Operating profit margin (%) = operating profit divided by sales revenue x 100.
Efficiency Ratios
Sales revenue to capital employed (£) = sales revenue divided by share capital + reserves + non-current liabilities
*capital employed should be the year average if available for both comparison years – otherwise use period end
Average inventories turnover period = inventory divided by cost of sales x 365
* inventory should be average if available for both comparison years – otherwise use period end.
Average settlement period for receivables = trade receivables divided by sales revenue* x 365
*or credit sales if known
* receivables should be average if available for both comparison years – otherwise use period end.

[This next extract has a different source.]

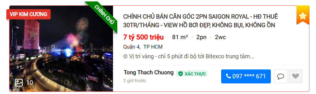- TIÊU ĐỀ IN HOA, Hiển thị sau tin VIP KIM CƯƠNG, VIP VÀNG, VIP BẠC và trên các tin khác. Hiển thị nhãn nỗi bật và khung riêng cho loại VIP ĐỒNG

Average settlement period for payables = trade payables divided by cost of sales* x 365
*or credit purchases if known
* payables should be average if available for both comparison years – otherwise use period end.
Liquidity Ratios
Current ratio (:1)= current assets divided by current liabilities
Quick or acid test ratio (:1) = current assets less inventory divided by current liabilities
Gearing Ratios
Gearing ratio (%) = non-current liabilities divided by share capital + reserves + non-current liabilities x 100.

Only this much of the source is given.